From now on, we will use Agda's built-in `Nat` type.
```agda
open import Agda.Builtin.Nat
```
## Non-Dependent Lists
We can start with a version in Agda that doesn't really use dependent types.
This will look more-or-less like the OCaml equivalent.
```agda
-- An inductive list type *without* lengths encoded in the type
data IList : Set where
nil : IList
cons : Nat → IList → IList
-- A datatype represening a possibly-failing computation
data Maybe (A : Set) : Set where
Some : A → Maybe A
None : Maybe A
-- Our little library of operations:
-- head, tail, and a nil check
hd : IList → Maybe Nat
hd nil = None
hd (cons x l) = Some x
tl : IList → Maybe IList
tl nil = None
tl (cons x l) = Some l
open import Agda.Builtin.Bool
isnil : IList → Bool
isnil nil = true
isnil (cons x l) = false
```
Note that Agda functions must be total, so we cannot fail to return something from `hd` or `tl` when the list is `nil`.

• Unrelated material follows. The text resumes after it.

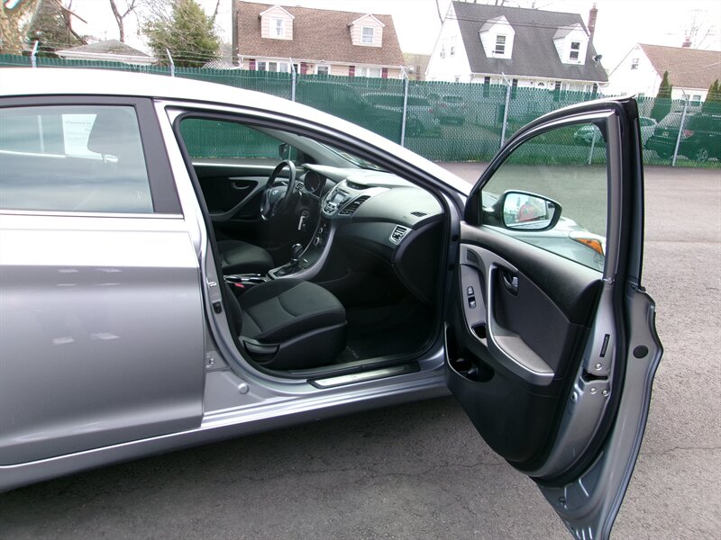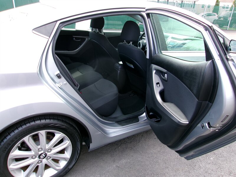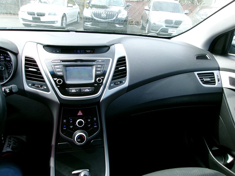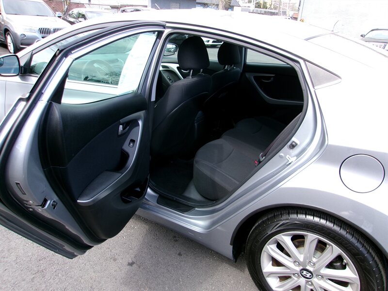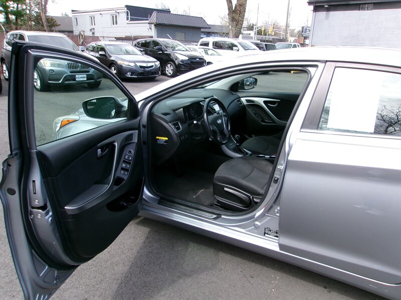 2015 Hyundai Elantra SE in Shimmering Silver with a Black interior, powered by a 1.8L I4 engine producing 145 hp and 130 ft. lbs. of torque. Vehicle is in excellent overall condition.

To handle this, we use a `Maybe` type, which lets us return a default value signaling that the function call failed.
## Using Dependent Types
Next, we'll encode the length of the list into the type.
Instead of declaring a `Set`, we will instead declare a `Nat → Set` to make it a dependent type.
Recall that this means that the client code has to provide a number in order to get a type:
```agda
data IVec : Nat → Set where
vnil : IVec 0
vcons : {n : Nat} → Nat → IVec n → IVec (suc n)
```
The curly braces after the `vcons` constructor tell us that the type of our constructor are a dependent function.
Moreover, because they are curly braces rather than parentheses, this tells us that the natural number argument is implicit, and should be inferred from the environment.
Here's how you construct a list:
```agda
somelist = vcons 5 vnil
```
Deducing the type of somelist, we get `IVec 1`, and if we evaluate `somelist` we get `vcons 5 vnil`.
Notice that we didn't write the `1` in the type of somelist, Agda deduced that for us.
We can then write head and tail functions again.
But now, we know that, if the length is not `0`, then we will not fail, and so we do not need to return a `Maybe` type any more:
```agda
vhd : {n : Nat} → IVec (suc n) → Nat
vhd {n} (vcons x v) = x
vtl : {n : Nat} → IVec (suc n) → IVec n
vtl {n} (vcons x v) = v
```
Note that we no longer need branches for the `vnil` case!
Agda is smart enough to figure out that those branches are impossible.
Let's try some operations:
- `C-c C-n vhd somelist` results in `5`
- `C-c C-n vtl somelist` results in `vnil`
- `C-c C-n vtl (vtl somelist)` results in a type error.